Weed Bug, Arhyssus crassus Harris (Rhopalidae)

The weed bug is a house pest of considerable importance throughout California, particularly in new subdivisions and in areas adjacent to uncultivated fields, ditch banks, or levees. As much as a liter of these bugs has been collected in some houses. The adults (figure 363) are uniformly brown, and about 9 mm long. A favored host is the yellow star thistle, Centaurea solstitialis, but the insects occur on many other plants. They migrate into houses in large numbers when their native habitats are disturbed or when the weeds they normally infest begin to dry in summer.

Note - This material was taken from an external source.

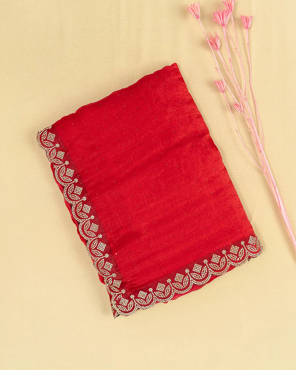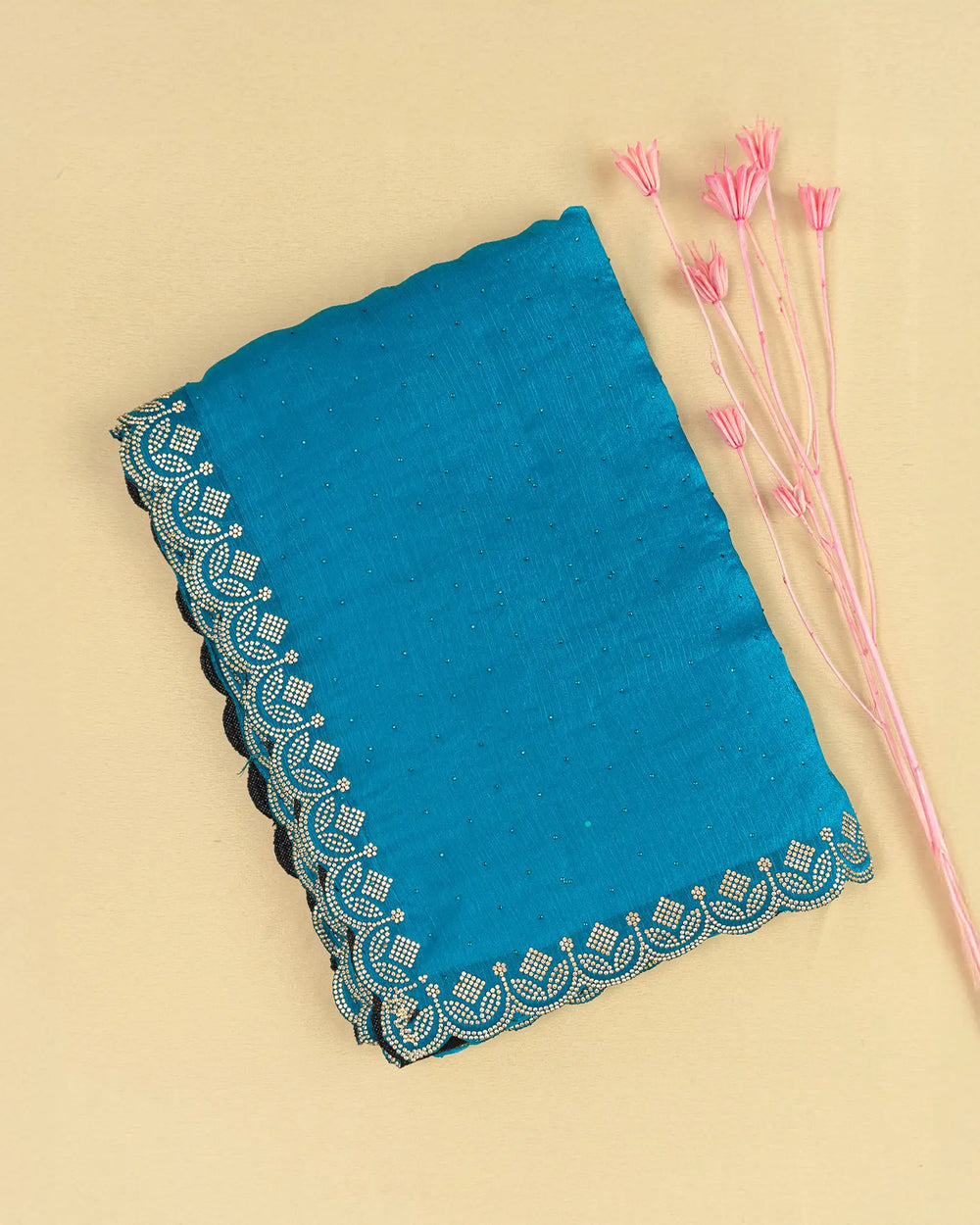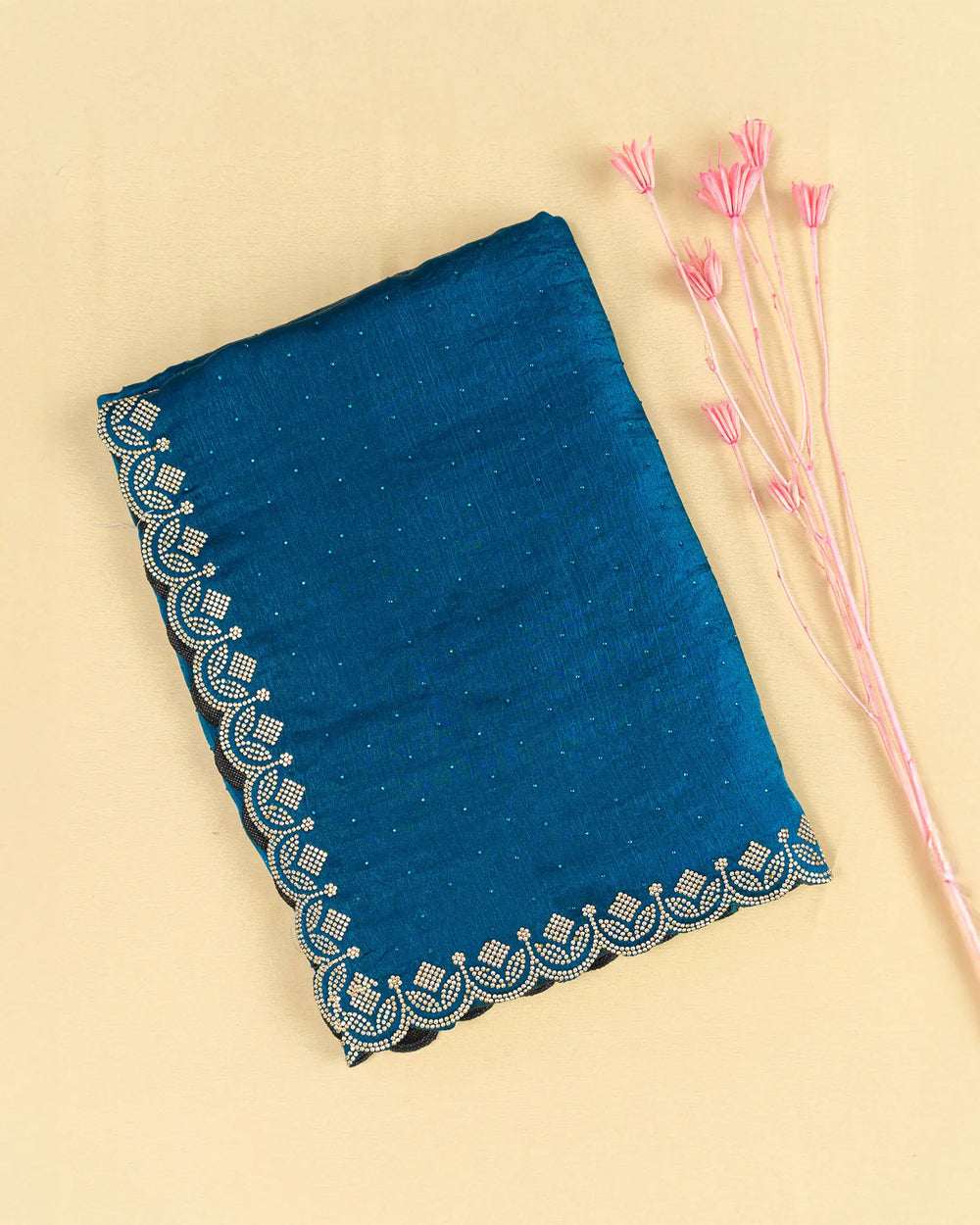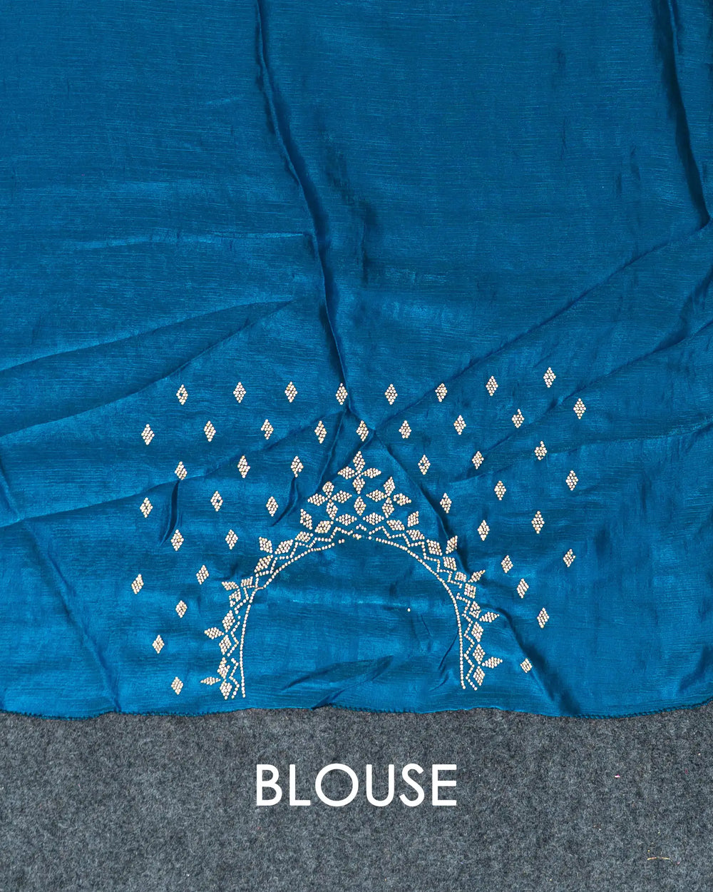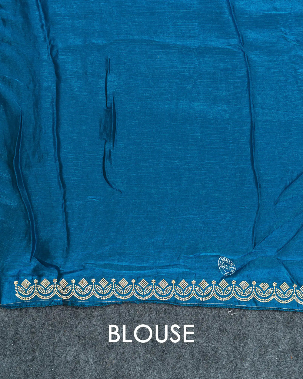 | Blouse | Running blouse featuring Jharkhand stone work along the neck and hands, perfectly complementing the saree’s intricate border design. |

They are attracted to light-colored buildings more than to those of darker colors, and tend to crawl through any openings that they find under windows or doors. They stain draperies and rugs with their excrement, which is practically impossible to remove by the usual cleaning operations. The bugs themselves have an objectionable odor.

Control of Weed Bugs

There is no control measure that is effective after the bugs have moved into populated areas and become household pests. Even when they are sprayed before entering a house, they are still able to go inside, and then die. Their control in the form of disking or spraying, needs to be applied in the originally infested grasslands. Carbaryl (Sevin®) is an effective insecticide (R. N. Hawthorne, correspondence).

Grass Bug, Nysius raphanus Howard (Lygacidae)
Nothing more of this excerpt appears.